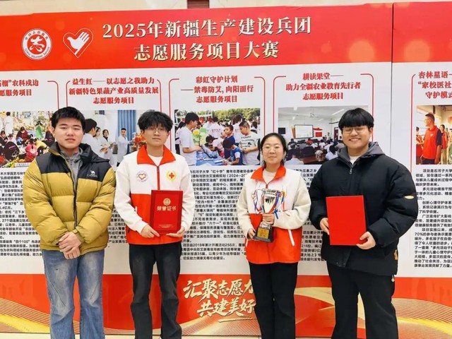 11月9日—12日,新疆生產(chǎn)建設(shè)兵團(tuán)志愿服務(wù)項目大賽決賽在烏魯木齊市圓滿舉行,共計60個項目在決賽中交流展示,學(xué)院“彩虹守護(hù)計劃 —— 禁毒防艾,向陽而行” 項目斬獲銀獎,“杏林星語 —— 數(shù)字化賦能的‘家校醫(yī)社’兒童心理全周期守護(hù)模式” 項目榮獲優(yōu)秀獎。
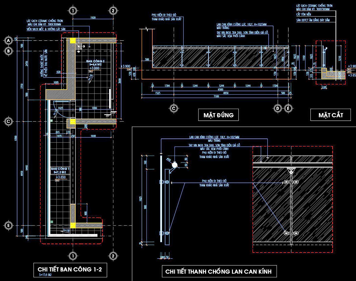 Tài liệu này cung cấp một cái nhìn chi tiết về thiết kế ban công với lan can kính và sắt, hoàn toàn tương thích với nhiều yêu cầu kiến trúc hiện đại.
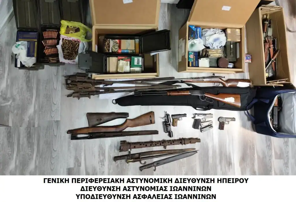 Πλήθος πολεμικού υλικού κατασχέθηκε στις 2-9-2024 στα Ιωάννινα από την Υποδιεύθυνση Ασφάλειας Ιωαννίνων.
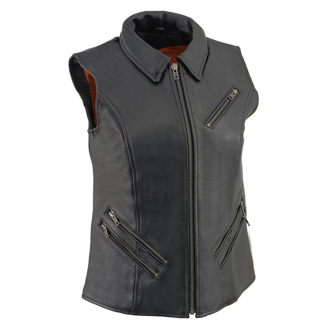 Women’s Shirt Collar Motorcycle Rider Leather Vest - Real Lambskin Leather Vest for Females, Classic Biker Vest
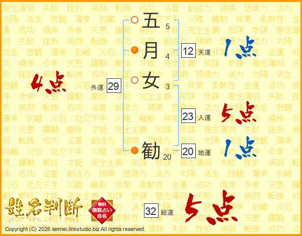 五月女勧さんの総運は32画の5点!
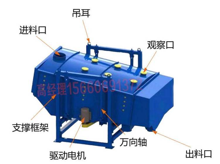 5.针对化肥、饲料、食糖、食盐等颗粒状物料要求生产的场合,一台可替代多台同等功率的振动筛,进而节约了空间小的问题。
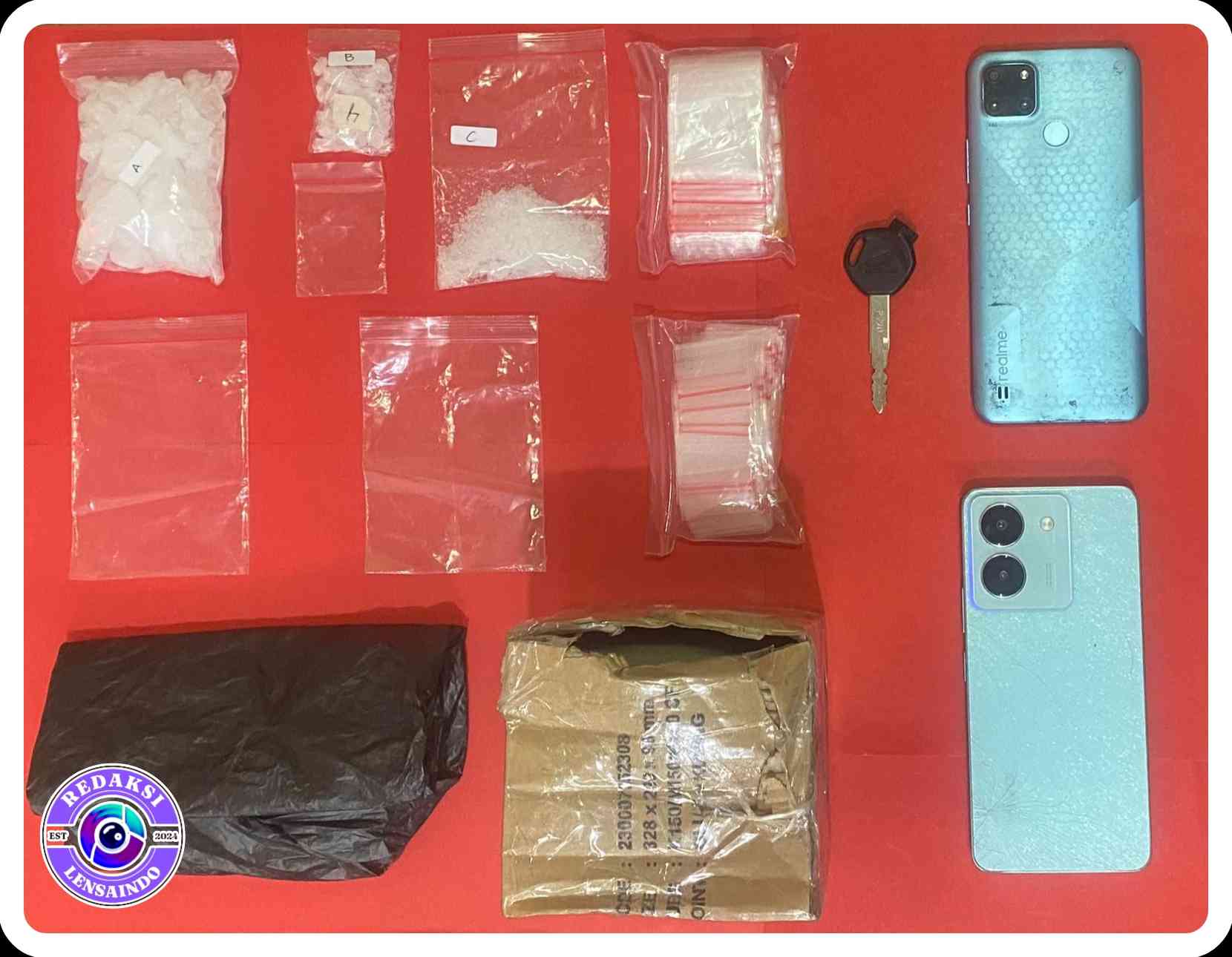 Dari tangan kedua tersangka, polisi berhasil menyita narkotika jenis sabu dengan berat total 84,3 gram. Selain itu, petugas juga mengamankan sejumlah barang bukti lain berupa plastik klip, dua unit telepon genggam, satu unit sepeda motor, serta barang bukti pendukung lainnya yang diduga digunakan dalam aktivitas peredaran narkoba.

What this task involves: What you give back must match the lines from the start of the records through the line that contains "Πλήθος πολεμικού υλικού", exactly, with the pictures left out.

The completed task:
 11月9日—12日,新疆生產(chǎn)建設(shè)兵團(tuán)志愿服務(wù)項目大賽決賽在烏魯木齊市圓滿舉行,共計60個項目在決賽中交流展示,學(xué)院“彩虹守護(hù)計劃 —— 禁毒防艾,向陽而行” 項目斬獲銀獎,“杏林星語 —— 數(shù)字化賦能的‘家校醫(yī)社’兒童心理全周期守護(hù)模式” 項目榮獲優(yōu)秀獎。
 Tài liệu này cung cấp một cái nhìn chi tiết về thiết kế ban công với lan can kính và sắt, hoàn toàn tương thích với nhiều yêu cầu kiến trúc hiện đại.
 Πλήθος πολεμικού υλικού κατασχέθηκε στις 2-9-2024 στα Ιωάννινα από την Υποδιεύθυνση Ασφάλειας Ιωαννίνων.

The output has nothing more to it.